Many experiences have shaped my outlook on life and how I feel that I should live my own life. Before the age of eighteen I had three friends that passed away due to uncommon circumstances which constantly reminds me of my mortality and how life can be over at any second, no matter how old you are. I have always believed that you should live your life to the fullest because you never know when that day will come, and I would like to die peacefully knowing that I have reached my full potential. If you do explore every possibility and take every chance that you have then you can never reflect back on your life and feel regret.

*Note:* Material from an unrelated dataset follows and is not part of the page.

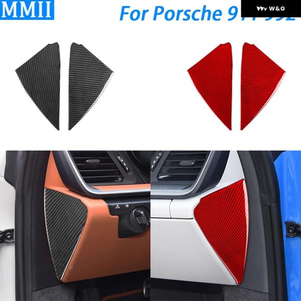 シェポル 911 992 2019-2024 カーボンフロントスロット ダッシュボード サイド パネル 装飾 カバー カー インテリア アクセサリー ステッカー - Red Carbon Fiber

Luckily so far in my life I have done nearly everything that I have wanted to, and I have very few regrets. One of the only regrets that I ever think about it is one that others might consider ridiculous, but I regret never swinging on the rope that went over the pond when I visited my family in New Mexico. I still think about it every once in a while, I know it’s stupid to hold onto such small regrets like that but it has showed me that I should appreciate the small things in life and take advantage of those experiences. If I died young but had lived my life to its full capacity then I feel as if I would die peacefully. I believe some people can live just as fulfilling and enriching of a life when they die at 30 as someone who lived into their eighties but still thought of all those moments they never “jumped off the rope swing” when they were 12. I would much rather leave this world knowing I did all I could do and explored every possibility sooner rather than reaching an old age having lived my life in fear of the unknown.
So far in my life I am comfortable with how I have lived. Every day I wake up and do what makes me happy or what I know will make me happy later on in life, and I find that each experience I have enriches my life that much more. I just have to keep rolling with the punches and jumping off every rope swing I get the chance to, even if I’m afraid of falling in the pond and getting wet.